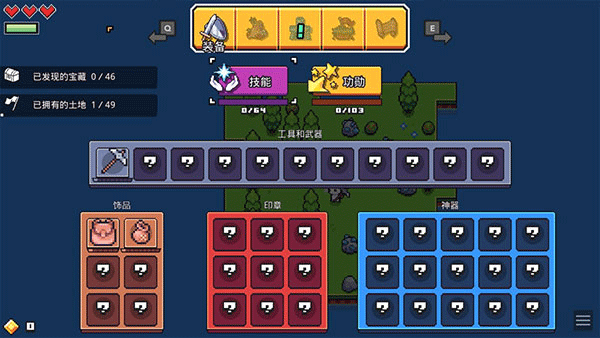 点击“装备”可查看已解锁的工具、武器、饰品、印章及神器;点击“技能”进入天赋树,使用技能点学习64项能力;点击“功勋”可查看成就进度,解锁头饰、翅膀、背包等外观奖励。
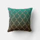 Teal and Brown Blend | Golden Quatrefoil Pattern Cushion
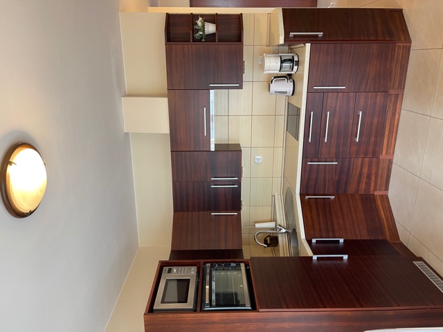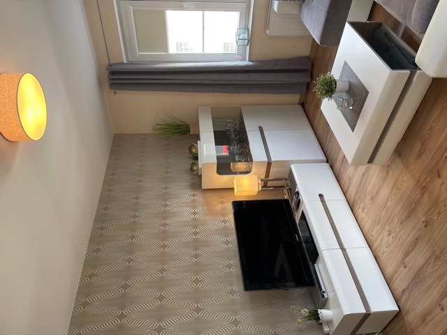 Na wyposażeniu aneksu kuchennego jest: kuchenka z płytą ceramiczną, lodówka, kuchenka mikrofalowa, mały piekarnik, czajnik elektryczny, ekspres do kawy, komplet garnków, zastawa stołowa, toster oraz sztućce.
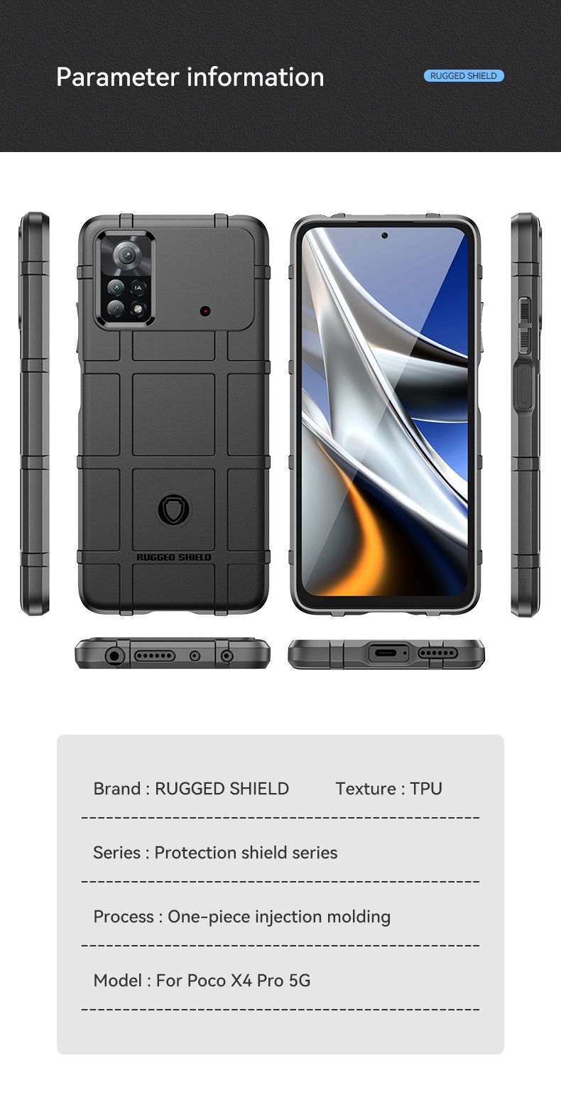 For Xiaomi Poco X4 Pro 5G Rugged Shield Detachable Shockproof Frosted All-Inclusive Flexible TPU Cover Case
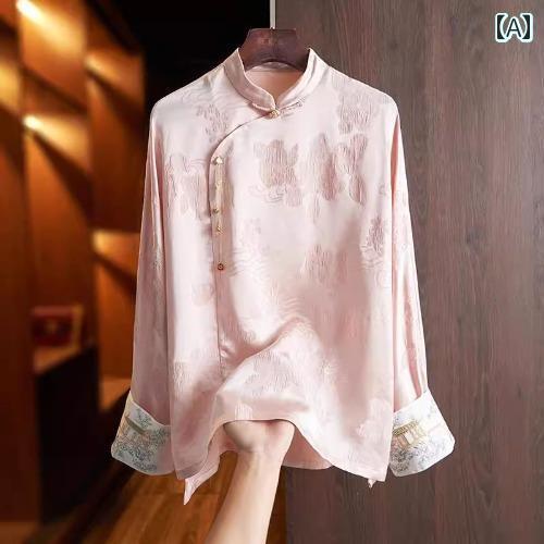 レディース トップス Tシャツ チャイナ風 シルクシャツ レディース 長袖 ボタン シャツ 杭 州 高級 サテン 桑 シルク トップ
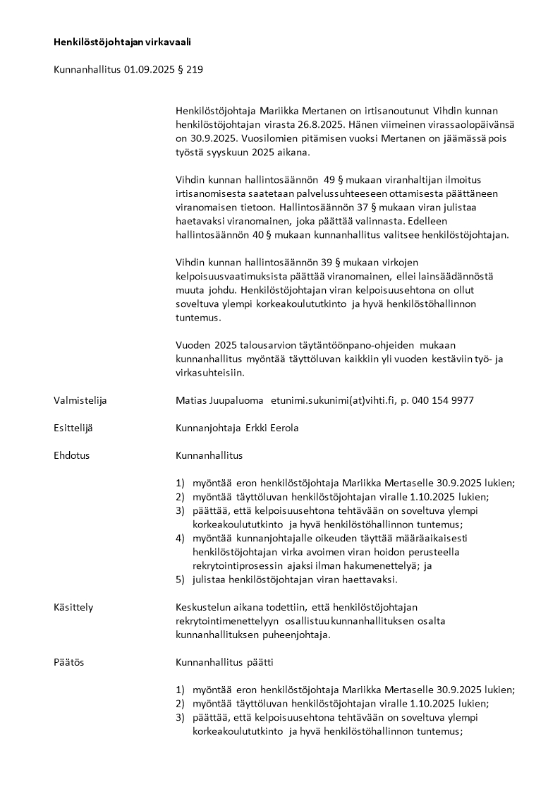 Dynasty tietopalvelu Haku RSS Vihdin kunta
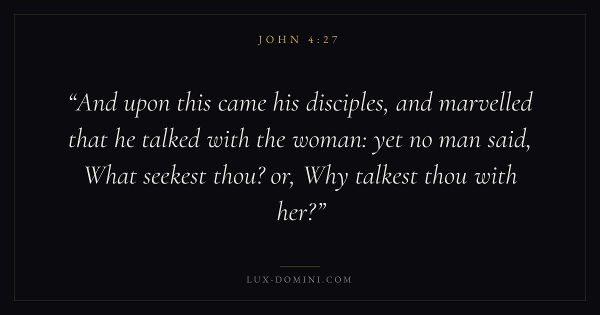 And upon this came his disciples, and marvelled that he talked with the woman: yet no man said, What seekest thou? or, Why talkest thou with her?
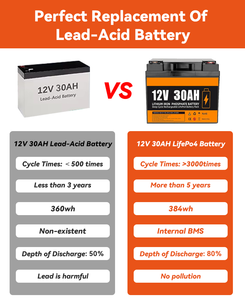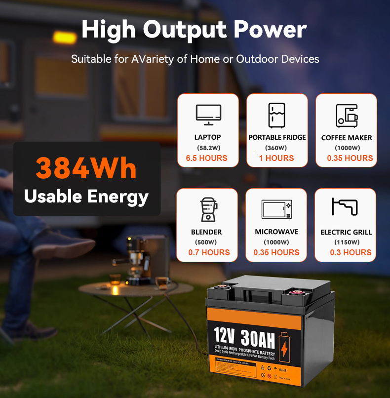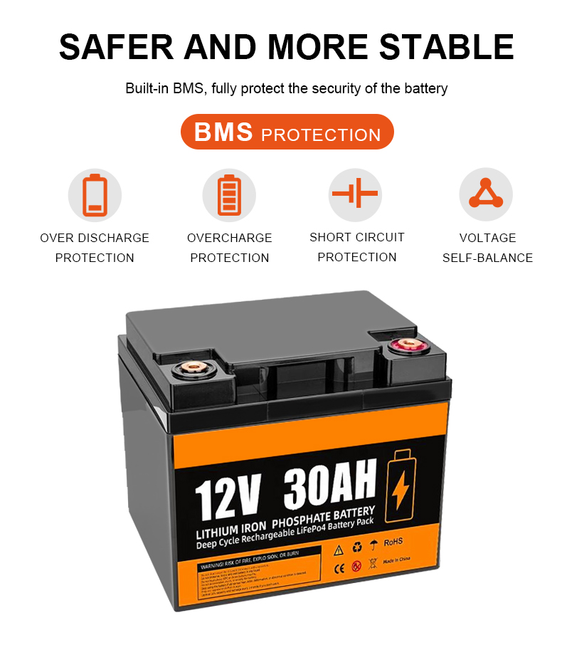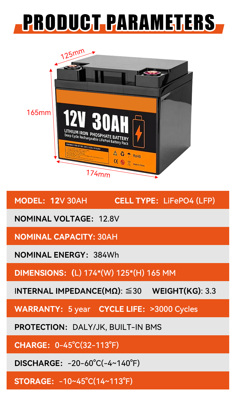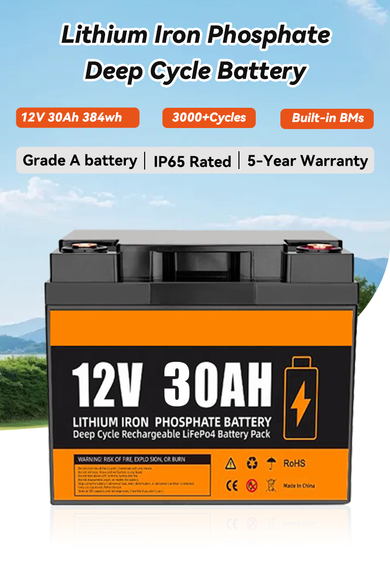 12V 30Ah LiFePO4 Lithium Iron Phosphate Battery Pack Portable Solar Home Energy Storage BMS for Outdoor Portable Power Supply
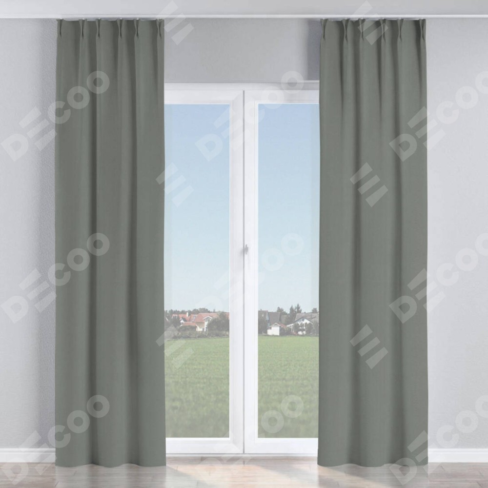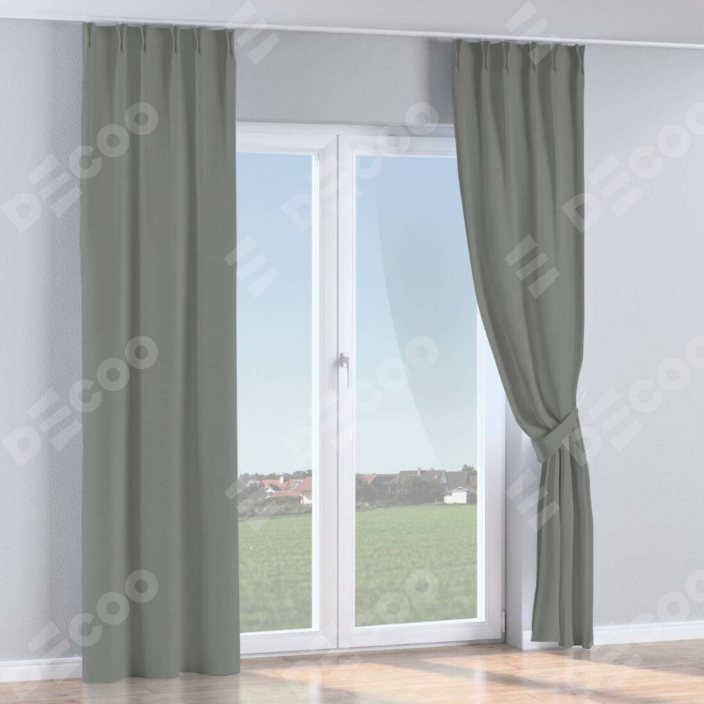 Комплект прямых штор, от производителя «Cortin», пошиты из ткани блэкаут однотонный тёмно-серый, артикул ткани 18077. С изнаночной стороны в верхней части штор пристрачивается шторная лента с декоративными складками «Кустик». Для создания элегантных складок прямые шторы шьются по стандарту с коэффициентом 1:2 (на 100 см. ширины проёма 200 см. ширины ткани).

:: THE PROBLEM ::
What is needed is every entry above, repeated exactly, with the pictures dropped.

:: EXERCISE RESPONSE ::
 点击“装备”可查看已解锁的工具、武器、饰品、印章及神器;点击“技能”进入天赋树,使用技能点学习64项能力;点击“功勋”可查看成就进度,解锁头饰、翅膀、背包等外观奖励。
 Teal and Brown Blend | Golden Quatrefoil Pattern Cushion
 Na wyposażeniu aneksu kuchennego jest: kuchenka z płytą ceramiczną, lodówka, kuchenka mikrofalowa, mały piekarnik, czajnik elektryczny, ekspres do kawy, komplet garnków, zastawa stołowa, toster oraz sztućce.
 For Xiaomi Poco X4 Pro 5G Rugged Shield Detachable Shockproof Frosted All-Inclusive Flexible TPU Cover Case
 レディース トップス Tシャツ チャイナ風 シルクシャツ レディース 長袖 ボタン シャツ 杭 州 高級 サテン 桑 シルク トップ
 Dynasty tietopalvelu Haku RSS Vihdin kunta
 And upon this came his disciples, and marvelled that he talked with the woman: yet no man said, What seekest thou? or, Why talkest thou with her?
 12V 30Ah LiFePO4 Lithium Iron Phosphate Battery Pack Portable Solar Home Energy Storage BMS for Outdoor Portable Power Supply
 Комплект прямых штор, от производителя «Cortin», пошиты из ткани блэкаут однотонный тёмно-серый, артикул ткани 18077. С изнаночной стороны в верхней части штор пристрачивается шторная лента с декоративными складками «Кустик». Для создания элегантных складок прямые шторы шьются по стандарту с коэффициентом 1:2 (на 100 см. ширины проёма 200 см. ширины ткани).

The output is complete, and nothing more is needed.